CSerialPort can be used in two ways: as a blocking port which requires a blocking call to actually access the port and as a non-blocking port which allows a non-blocking call to access the port. The blocking method is preferred. The blocking method will block the thread that uses the CSerialPort until the port’s data is received or until the connection is closed. The non-blocking method is less preferable because you will not know the receive status, but you can check for the connection status once the call to open the port is complete.
As part of the support for serial ports, CSerialPort is Unicode enabled. This makes it easy to use in MFC since MFC data types are Unicode, but there is no need to go out of the way to declare all the CSerialPort classes as multi-byte.
Different serial ports (ports on different machines) have different settings. Some settings are needed when the serial port is not used often, such as when it is off-line and not in use. Others settings are needed when the serial port is used a lot, such as when a user wants to use the serial port for constantly using commands. To determine the type of port on startup, the user can call the InitializeSerialPort() method. To determine when to close a serial port, the user can call the TerminateSerialPort() method to perform close calls. This could be important because you may want to close a serial port if another is attached.
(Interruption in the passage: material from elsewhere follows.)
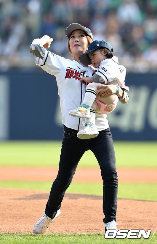 경기에 앞서 가수 슈가 딸 라율 양을 안고 시구를 하고 있다.

CSerialPort can access serial ports in a number of different ways. The serial port can be accessed in a non-blocking mode, which requires a blocking call to access the port. Or you can access the serial port in a blocking or non-blocking mode. In the blocking case, the serial port is accessed until the data is received or the connection is closed. In the non-blocking case, the serial port is accessed in a non-blocking fashion, but there is no guarantee that the data will be available. The user would have to check for the connection status every time the serial port opens a new connection.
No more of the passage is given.